Negative ion ESI mass spectra of the Bligh-Dyer extracts of *E. coli* (A) and *S. typhimurium* (B). The insets show the magnified ion peaks for the [M-3H]³⁻ ions of the small 3 kDa proteins.

Positive ion ESI mass spectra showing the [M+3H]³⁺ ions of the small proteins in the Bligh-Dyer extracts of *E. coli* (A) and *S. typhimurium* (B). These positive ion mass spectra are averaged from the spectra acquired by LC/MS (during the LC elution times indicated in the figures).

To identify these unknown 3 kDa species, collision-induced dissociation MS/MS was performed on the triply charged ions (in both positive and negative ion modes). While the negative ion MS/MS spectra of the [M-3H]³⁻ ions were not structurally informative (data not shown), the positive ion MS/MS spectra of the [M+3H]³⁺ ions (acquired through targeted LC/MS/MS) showed fragmentation patterns characteristic of a peptide. As illustrated in Figure 3, the partial amino acid sequences deduced from the product ion spectra of [M+3H]³⁺ ions at m/z 1008.9 (E. coli) and m/z 994.9 (S. typhimurium) are: GL(I)L(I)VAVGLTAALH (E. coli) and GVL(I)VAGGL(I)TAALH (S. typhimurium). The isobaric I and L residues could not be discerned by the low-energy CID MS/MS used in this study. Our initial attempt at searching these partial sequences against the protein sequence database (prior to annotation) yielded no matches. We then performed a translating BLAST (tBLASTn) search, i.e. comparing the partial amino acid sequences against the six-frame translations of the nucleotide sequences of the bacterial genomes.
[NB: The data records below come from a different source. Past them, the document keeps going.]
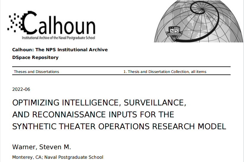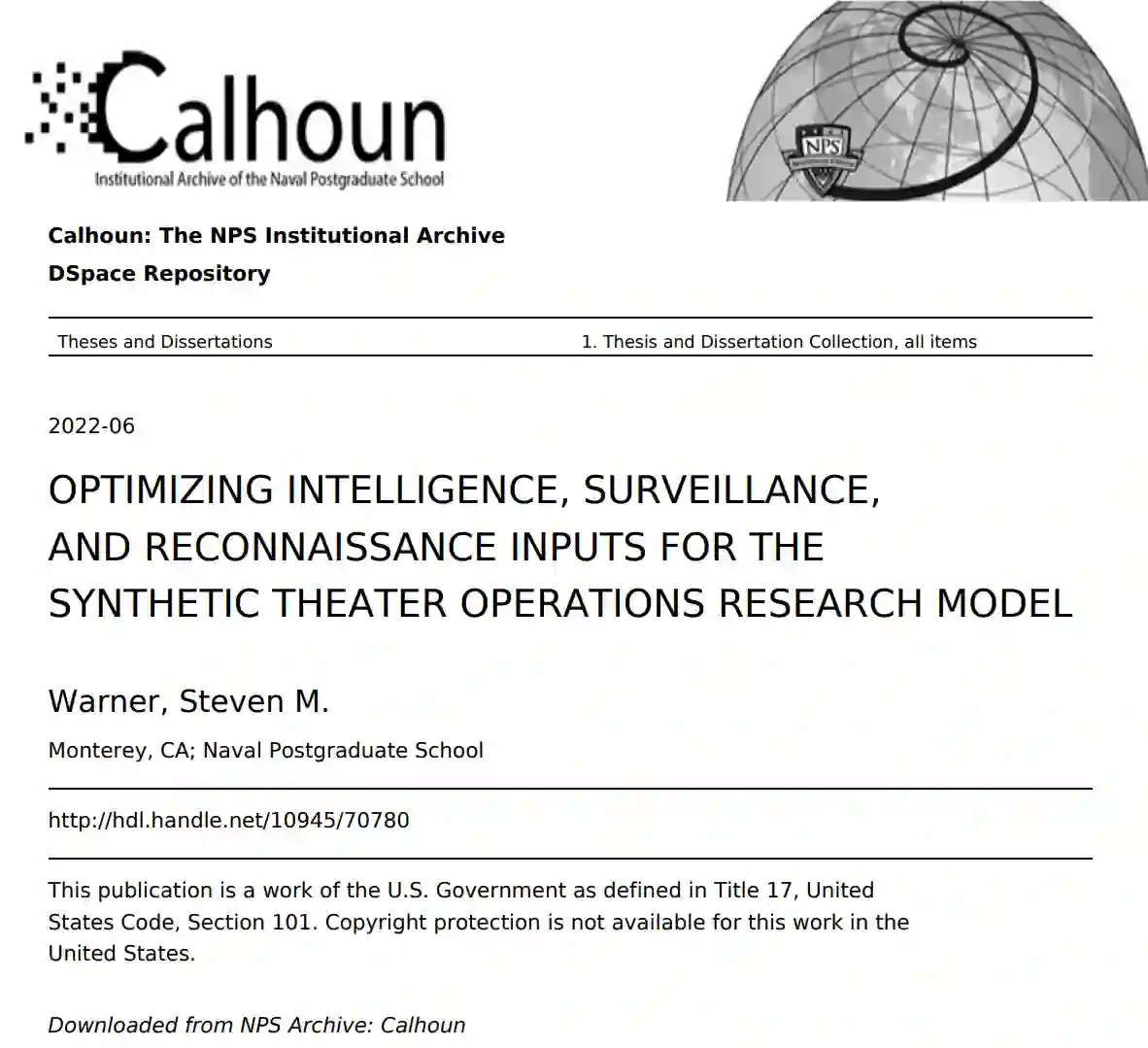 在这篇论文中,我们制定了一个新颖的、大规模的、混合整数的优化模型,以超越STORM的启发式搜索ISR的表现。该模型被称为SOM,使用间隙指数对自上次查看每个网格单元以来的扫描次数进行惩罚。我们希望避免收集这些惩罚,这促使我们重新访问网格单元。目标函数最小化了这种产生间隙的惩罚。我们使用几个约束条件来维护、重置和跟踪间隙计数器,一个访问所有网格单元的软约束条件,以及一个对网格单元施加最小分辨率的约束条件。SOM的一个独特的特点是它是事件驱动的,在战斗空间上掠过,不以时间为基础。SOM使用实际的STORM数据,有1300多行代码,包括在R中收集数据,在Pyomo中处理和实现模型。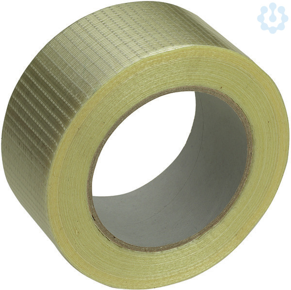 Filament-Klebeband mit Gitter-Fadenverstärkung, Trägerschicht aus Polypropylen, verstärkt mit durchgehenden, längs und quer verlaufenden, vernetzten Nylonfäden, einseitig beschichtet mit Kautschukkleber, ausgezeichnete Beständigkeit gegen Abrieb, äußerst reißfest (Längs- und Querfestigkeit), kein seitliches Ausfasern, starke Soforthaftung, Bündelung und Durchziehen von Kabeln und Kabelsträngen, hochfestes Paketband zum Verschließen und Verstärken auch von schweren Verpackungen, z. B. von Pappschachteln und Kartons, Umreifen schwerer Packstücke und anderer Güter, Banderolieren von Kunststoff- und Metallrohren, Metallstäben, usw.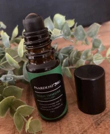 Toepassing: schud eerst het flesje zodat de oliën goed met elkaar vermengen en de oliën geactiveerd worden. Controleer even met je vinger of het rollertje op het flesje goed rolt. Rol daarna 2-3 keer met de roller over de ruggengraat van je paard, van schoft naar staartaanzet. Masseer de oliën een beetje in door tegen de haarrichting in van staart naar schoft met je vingers cirkeltjes te maken over de ruggengraat. Daarna strijk je de vacht van je paard weer goed.

This yielded matches for both proteins. The full sequences of the two proteins were identified as: MSTDLKFSLVTTIIVLGLIVAVGLTAALH (E. coli) and MSTDLKFSLITTLIVLGVIVAGGLTAALH (S. typhimurium). Differing by only three amino acid residues, these proteins are apparently derived from orthologous genes. The E. coli protein was later annotated as YnhF in the EcoGene database (http://www.ecogene.org), containing updated information on the E. coli K-12 genome and proteome sequences.

Assignment of partial amino acid sequences based on the collision-induced dissociation MS/MS spectra of the small 3 kDa proteins from *E. coli* and *S. typhimurium*. LC/MS/MS spectra of [M+3H]³⁺ ions at *m/z* 1008.9 (A and C) for *E. coli*, and *m/z* 994.9 (B and D) for *S. typhimurium*. Peaks labeled with *i_v*, *i_L/I* and *i_H* correspond to the immonium ions of valine, leucine/isoleucine and histidine.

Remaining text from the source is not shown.